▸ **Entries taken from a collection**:
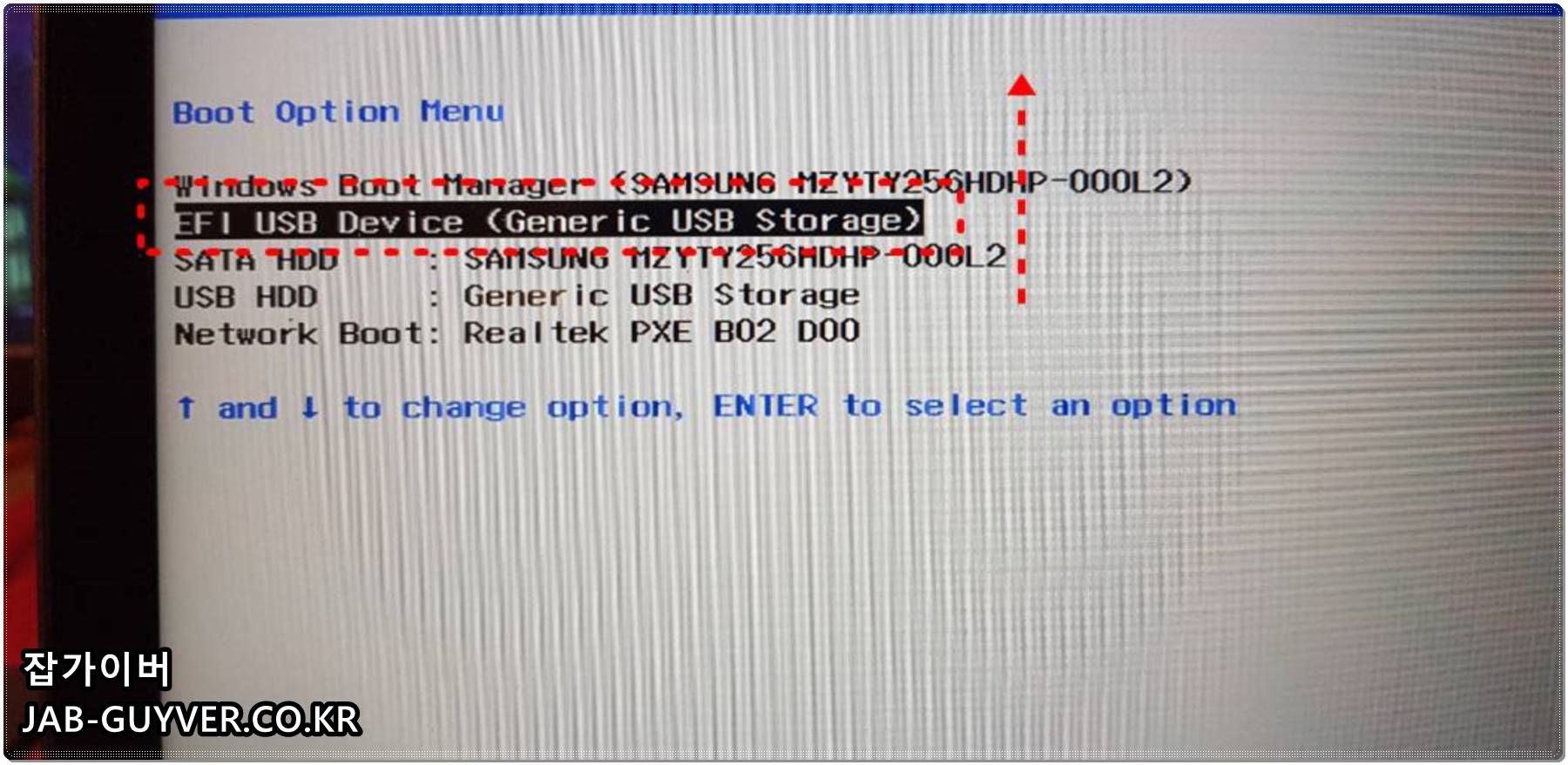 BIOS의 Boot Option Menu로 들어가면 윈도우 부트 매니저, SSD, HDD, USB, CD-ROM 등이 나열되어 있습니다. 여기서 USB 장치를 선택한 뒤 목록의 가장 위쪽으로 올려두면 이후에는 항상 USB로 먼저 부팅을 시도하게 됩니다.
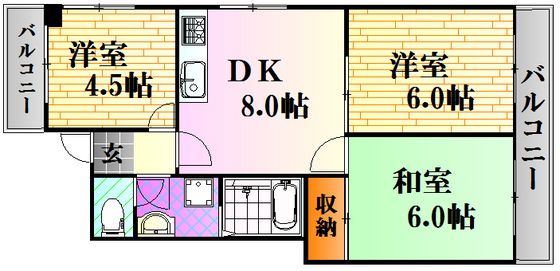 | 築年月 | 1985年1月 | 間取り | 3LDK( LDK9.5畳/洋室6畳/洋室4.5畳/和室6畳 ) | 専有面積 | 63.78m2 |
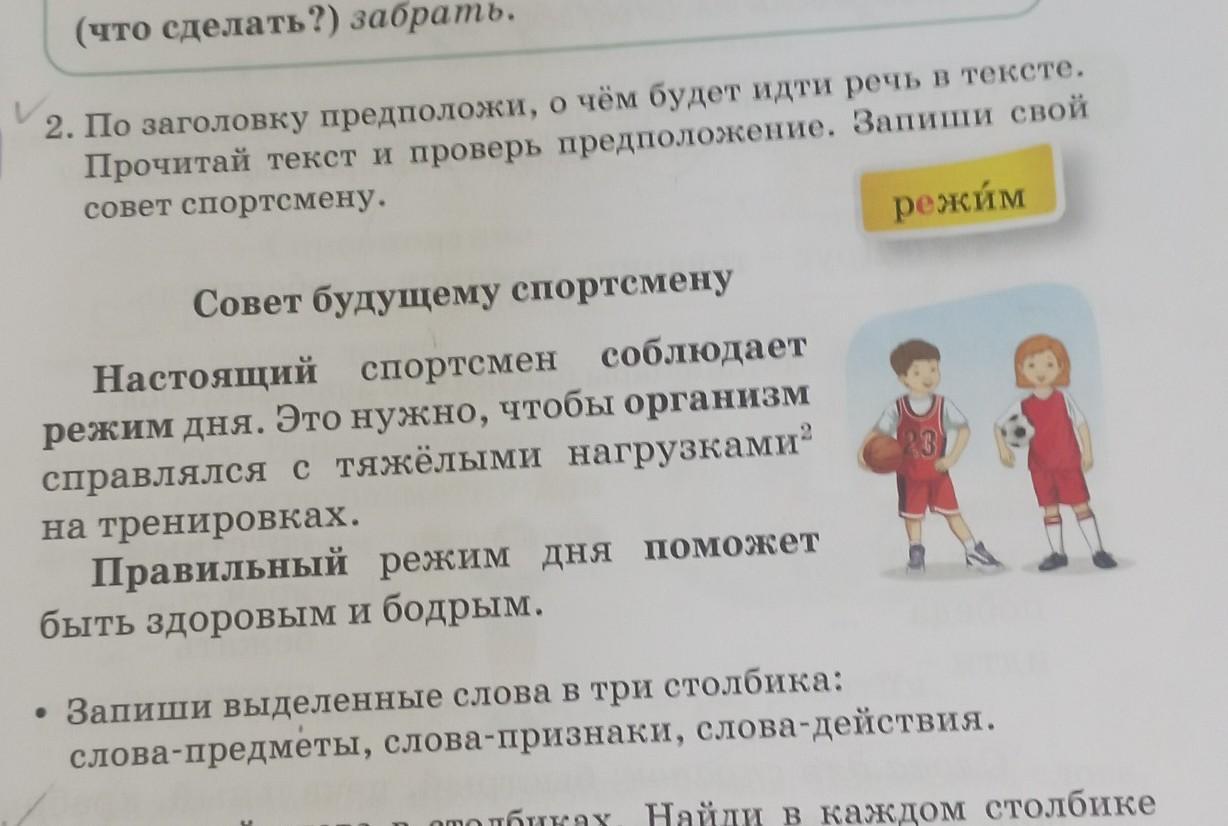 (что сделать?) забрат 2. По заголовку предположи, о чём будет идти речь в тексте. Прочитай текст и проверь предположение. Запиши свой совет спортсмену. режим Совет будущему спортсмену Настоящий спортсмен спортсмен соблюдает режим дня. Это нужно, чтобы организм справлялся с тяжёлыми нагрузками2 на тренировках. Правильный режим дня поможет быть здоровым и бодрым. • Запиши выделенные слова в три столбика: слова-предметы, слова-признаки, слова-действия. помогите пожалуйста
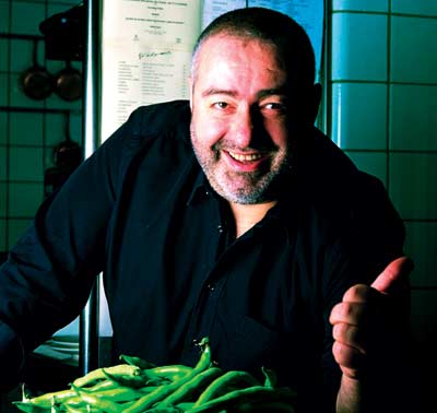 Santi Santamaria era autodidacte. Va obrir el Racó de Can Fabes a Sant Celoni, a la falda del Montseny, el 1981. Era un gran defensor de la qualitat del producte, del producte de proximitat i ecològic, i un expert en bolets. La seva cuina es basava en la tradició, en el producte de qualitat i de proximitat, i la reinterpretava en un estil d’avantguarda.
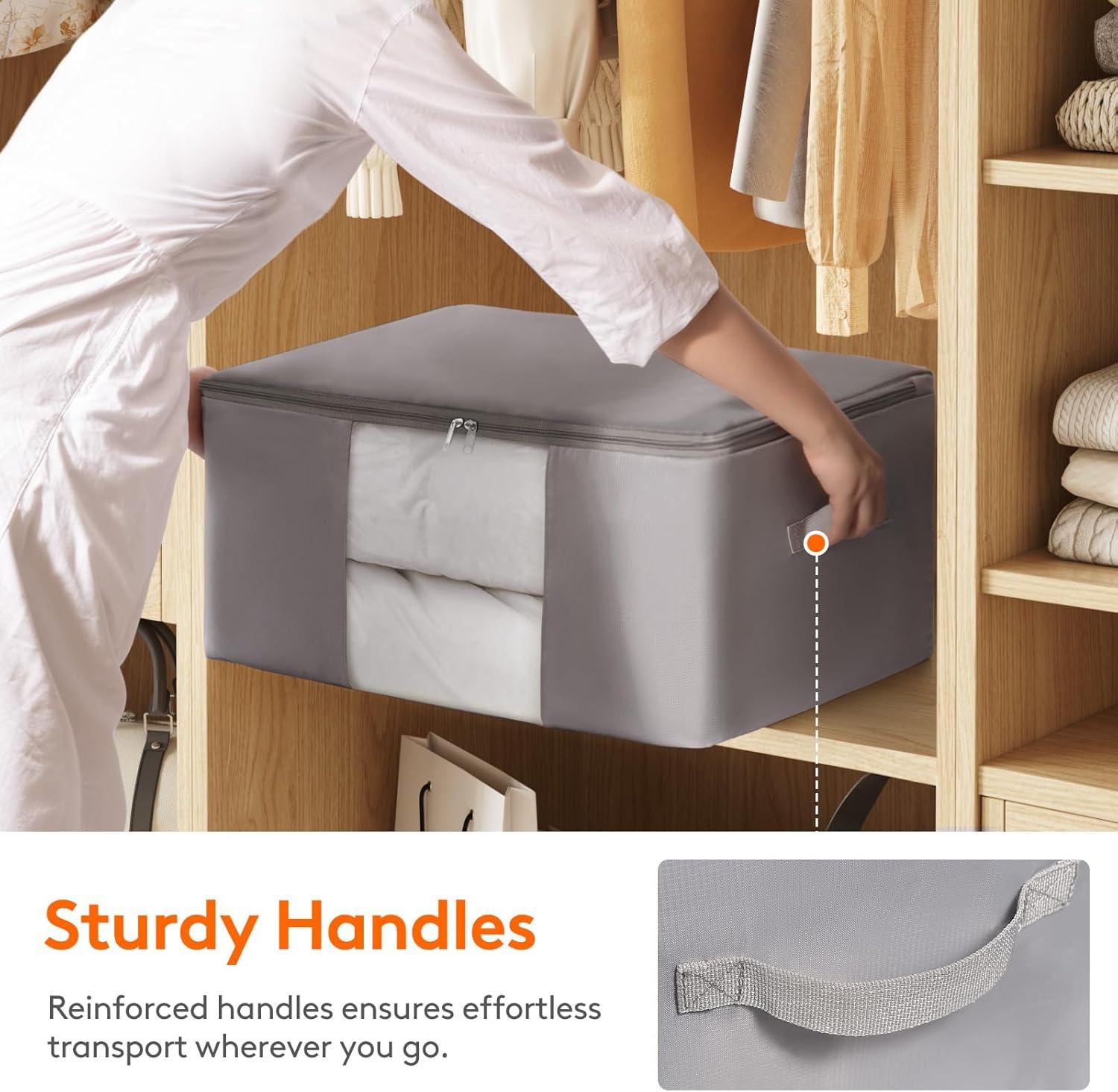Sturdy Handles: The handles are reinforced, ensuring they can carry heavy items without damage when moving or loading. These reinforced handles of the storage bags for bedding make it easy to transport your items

▸ **About this task**:
What I need is every record written out exactly, minus the pictures.

▸ **Solution for this exercise**:
 BIOS의 Boot Option Menu로 들어가면 윈도우 부트 매니저, SSD, HDD, USB, CD-ROM 등이 나열되어 있습니다. 여기서 USB 장치를 선택한 뒤 목록의 가장 위쪽으로 올려두면 이후에는 항상 USB로 먼저 부팅을 시도하게 됩니다.
 | 築年月 | 1985年1月 | 間取り | 3LDK( LDK9.5畳/洋室6畳/洋室4.5畳/和室6畳 ) | 専有面積 | 63.78m2 |
 (что сделать?) забрат 2. По заголовку предположи, о чём будет идти речь в тексте. Прочитай текст и проверь предположение. Запиши свой совет спортсмену. режим Совет будущему спортсмену Настоящий спортсмен спортсмен соблюдает режим дня. Это нужно, чтобы организм справлялся с тяжёлыми нагрузками2 на тренировках. Правильный режим дня поможет быть здоровым и бодрым. • Запиши выделенные слова в три столбика: слова-предметы, слова-признаки, слова-действия. помогите пожалуйста
 Santi Santamaria era autodidacte. Va obrir el Racó de Can Fabes a Sant Celoni, a la falda del Montseny, el 1981. Era un gran defensor de la qualitat del producte, del producte de proximitat i ecològic, i un expert en bolets. La seva cuina es basava en la tradició, en el producte de qualitat i de proximitat, i la reinterpretava en un estil d’avantguarda.
Sturdy Handles: The handles are reinforced, ensuring they can carry heavy items without damage when moving or loading. These reinforced handles of the storage bags for bedding make it easy to transport your items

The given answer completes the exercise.